*What this task involves*
Print exactly the lines below between the line containing "WWE wrestling fans" and the line containing "The eSticker app", counting both of those lines. Leave pictures out.

───── Stored data ─────

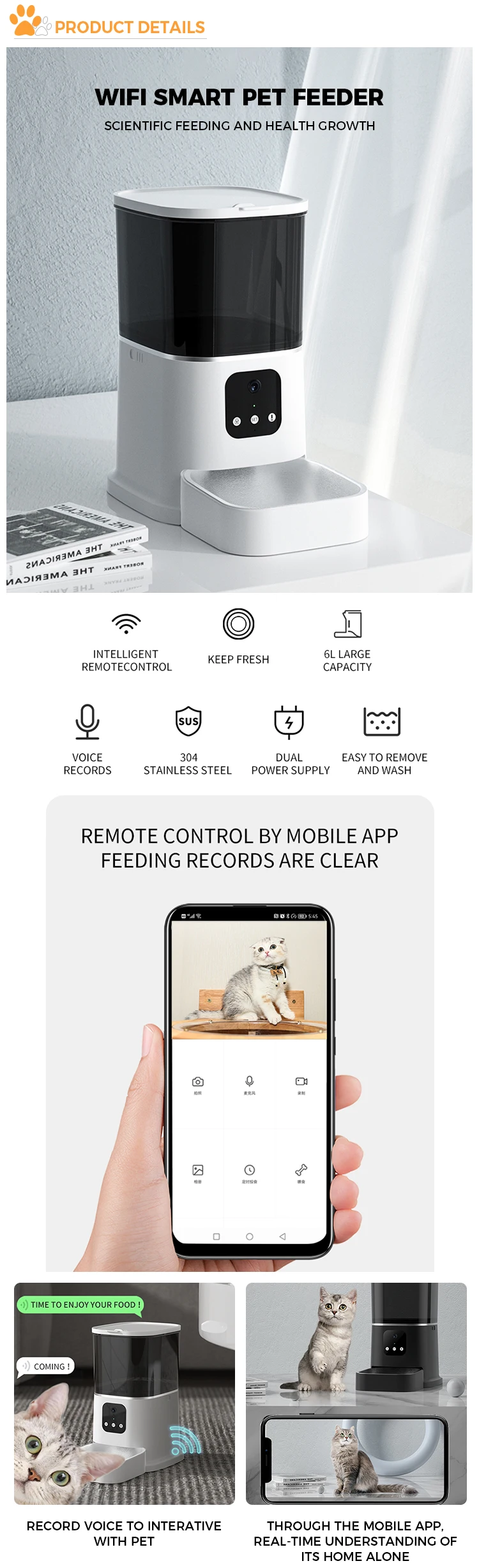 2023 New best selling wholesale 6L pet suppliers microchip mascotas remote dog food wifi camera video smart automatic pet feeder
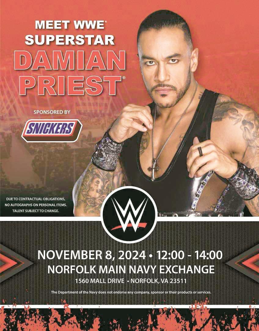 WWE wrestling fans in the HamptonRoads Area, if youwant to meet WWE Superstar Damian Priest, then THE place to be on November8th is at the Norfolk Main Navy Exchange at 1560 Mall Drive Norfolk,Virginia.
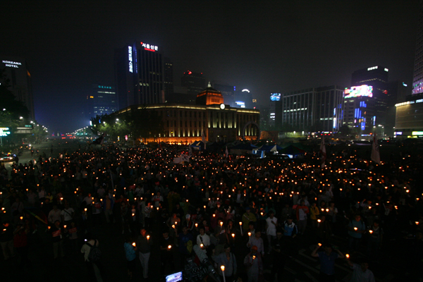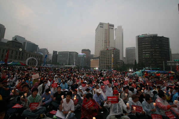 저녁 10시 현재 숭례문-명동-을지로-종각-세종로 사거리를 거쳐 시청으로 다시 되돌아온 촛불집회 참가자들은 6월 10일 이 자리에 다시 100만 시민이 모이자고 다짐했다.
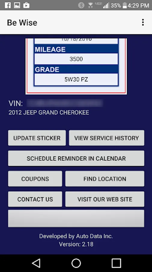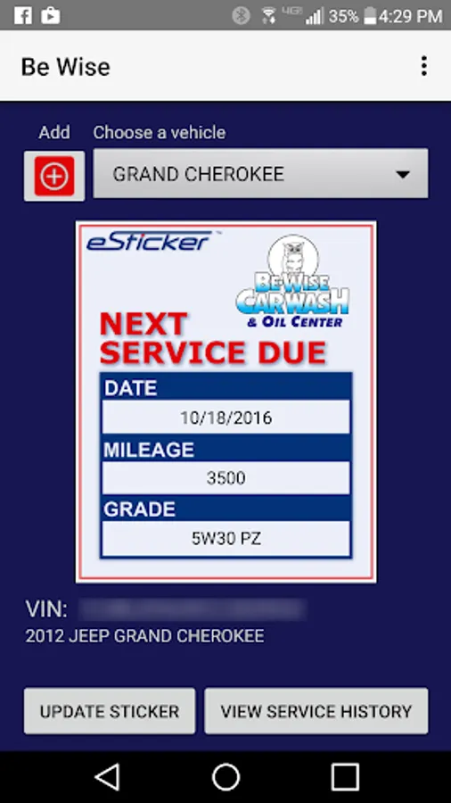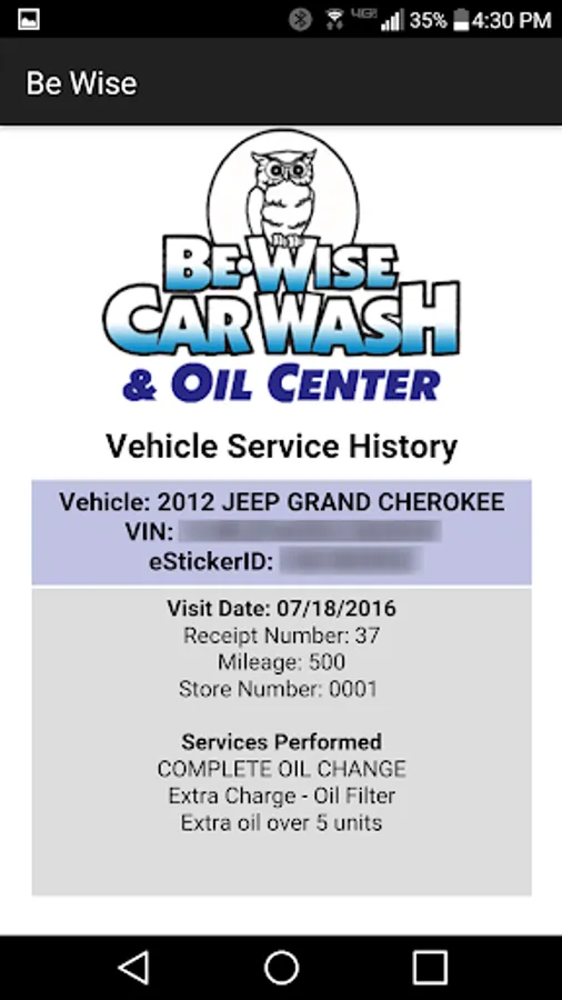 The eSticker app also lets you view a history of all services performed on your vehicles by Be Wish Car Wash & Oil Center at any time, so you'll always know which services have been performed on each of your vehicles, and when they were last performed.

─────
───── Stored data ─────

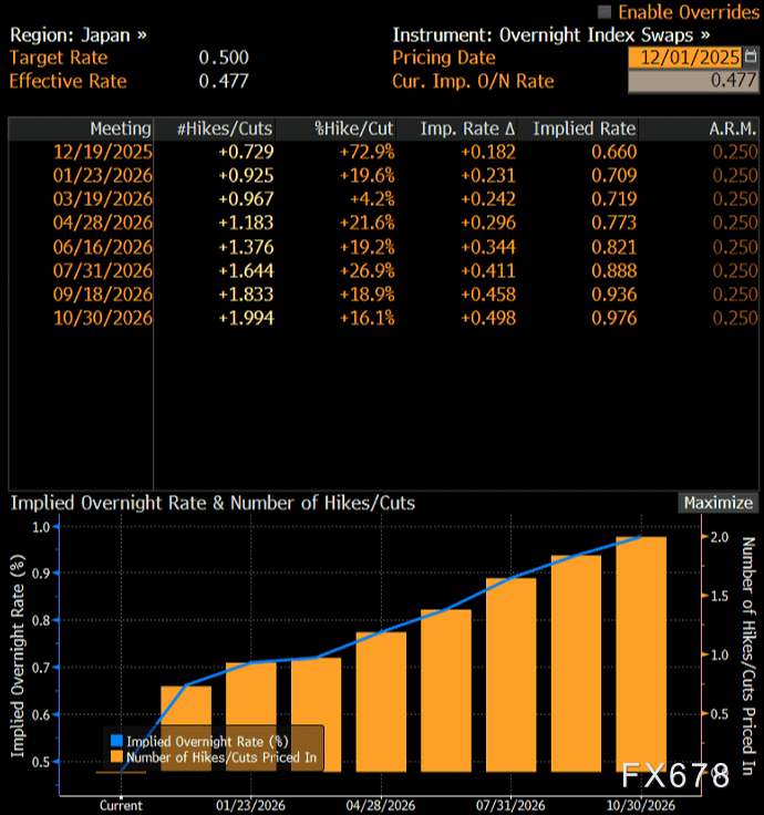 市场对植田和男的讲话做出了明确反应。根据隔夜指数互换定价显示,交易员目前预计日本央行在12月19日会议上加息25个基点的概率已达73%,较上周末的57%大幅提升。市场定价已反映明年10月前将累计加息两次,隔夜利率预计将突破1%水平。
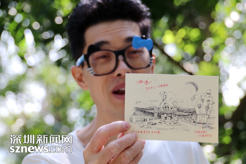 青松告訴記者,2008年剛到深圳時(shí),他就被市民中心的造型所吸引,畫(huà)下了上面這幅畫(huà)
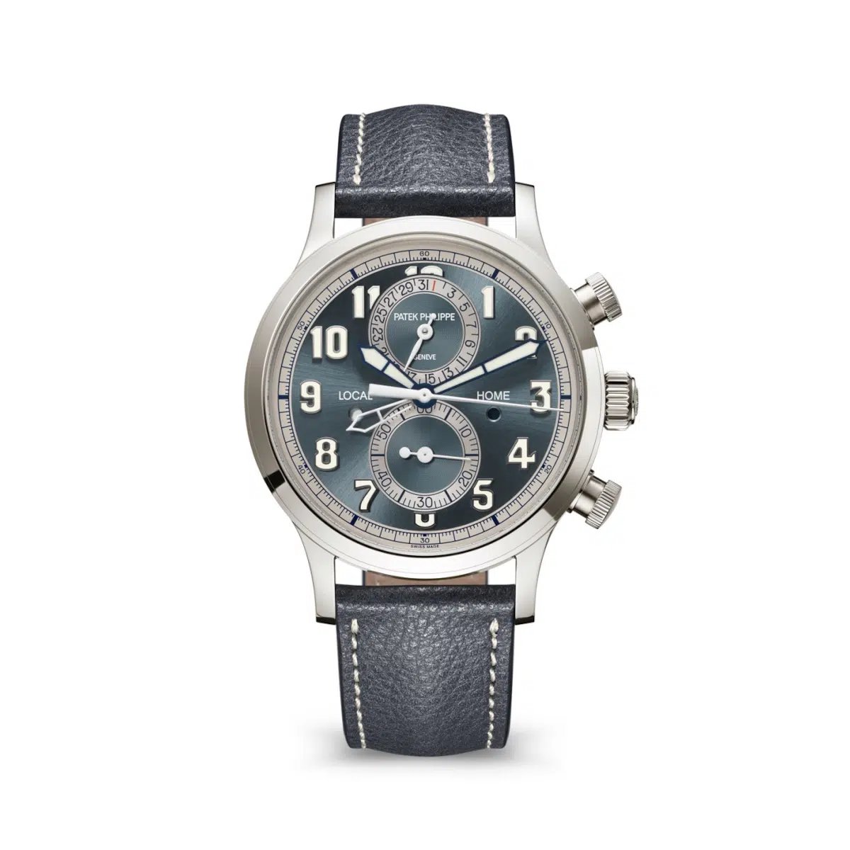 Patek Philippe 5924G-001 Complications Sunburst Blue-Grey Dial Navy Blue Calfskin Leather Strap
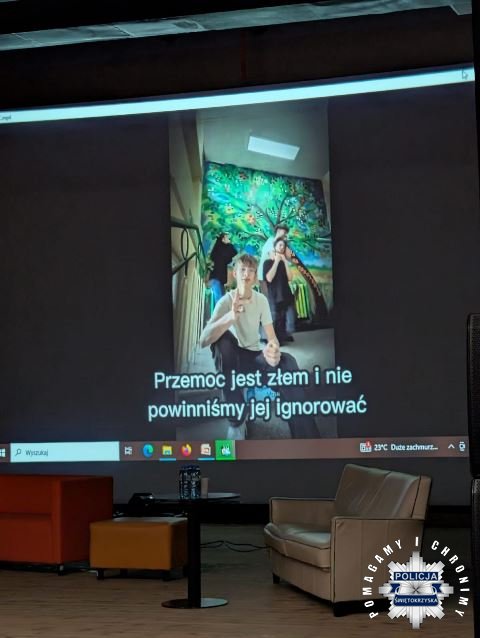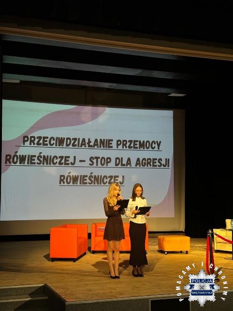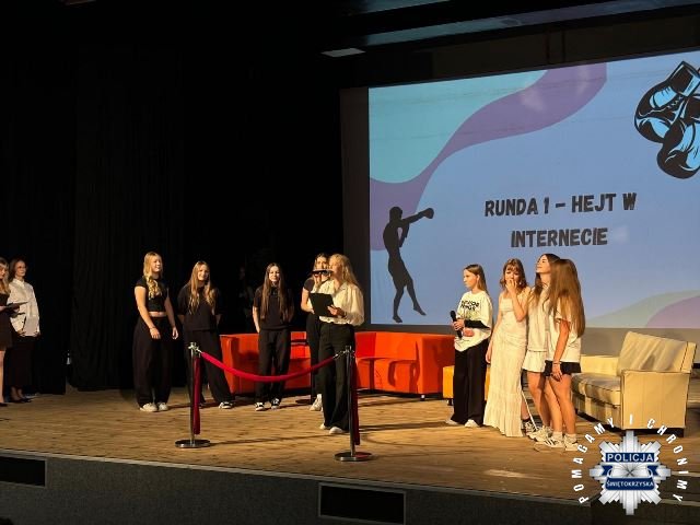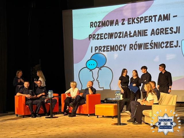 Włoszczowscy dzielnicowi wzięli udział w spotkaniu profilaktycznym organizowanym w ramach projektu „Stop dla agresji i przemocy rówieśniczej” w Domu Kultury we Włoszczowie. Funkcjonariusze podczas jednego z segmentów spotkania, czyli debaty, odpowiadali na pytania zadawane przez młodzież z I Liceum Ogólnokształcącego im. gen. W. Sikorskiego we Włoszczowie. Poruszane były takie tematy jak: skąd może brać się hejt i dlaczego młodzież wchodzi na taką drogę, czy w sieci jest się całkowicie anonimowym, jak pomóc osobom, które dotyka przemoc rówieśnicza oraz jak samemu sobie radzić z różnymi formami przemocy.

─────
───── Stored data ─────

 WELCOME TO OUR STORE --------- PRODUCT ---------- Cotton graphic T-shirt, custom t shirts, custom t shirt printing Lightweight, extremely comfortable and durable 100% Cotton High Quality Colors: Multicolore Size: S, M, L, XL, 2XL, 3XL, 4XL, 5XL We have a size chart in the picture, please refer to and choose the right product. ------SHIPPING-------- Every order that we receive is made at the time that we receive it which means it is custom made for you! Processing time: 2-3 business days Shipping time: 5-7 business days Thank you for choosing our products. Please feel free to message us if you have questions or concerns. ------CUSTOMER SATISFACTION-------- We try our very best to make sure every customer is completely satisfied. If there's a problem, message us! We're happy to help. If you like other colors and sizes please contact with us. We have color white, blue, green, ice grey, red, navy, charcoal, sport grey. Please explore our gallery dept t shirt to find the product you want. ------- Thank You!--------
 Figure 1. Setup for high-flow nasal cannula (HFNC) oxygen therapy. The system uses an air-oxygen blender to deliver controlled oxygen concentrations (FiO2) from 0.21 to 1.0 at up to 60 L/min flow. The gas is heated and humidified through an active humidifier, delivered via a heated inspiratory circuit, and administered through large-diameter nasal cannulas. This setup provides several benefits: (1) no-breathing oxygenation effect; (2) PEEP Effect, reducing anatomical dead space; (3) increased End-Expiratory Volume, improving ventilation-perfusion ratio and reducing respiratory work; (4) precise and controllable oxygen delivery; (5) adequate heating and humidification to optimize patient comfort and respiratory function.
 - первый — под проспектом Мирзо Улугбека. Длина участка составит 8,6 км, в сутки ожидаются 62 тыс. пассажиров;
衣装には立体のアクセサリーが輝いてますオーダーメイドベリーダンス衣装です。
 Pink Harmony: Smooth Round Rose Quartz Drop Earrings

─────

*Worked solution*
 WWE wrestling fans in the HamptonRoads Area, if youwant to meet WWE Superstar Damian Priest, then THE place to be on November8th is at the Norfolk Main Navy Exchange at 1560 Mall Drive Norfolk,Virginia.
 저녁 10시 현재 숭례문-명동-을지로-종각-세종로 사거리를 거쳐 시청으로 다시 되돌아온 촛불집회 참가자들은 6월 10일 이 자리에 다시 100만 시민이 모이자고 다짐했다.
 The eSticker app also lets you view a history of all services performed on your vehicles by Be Wish Car Wash & Oil Center at any time, so you'll always know which services have been performed on each of your vehicles, and when they were last performed.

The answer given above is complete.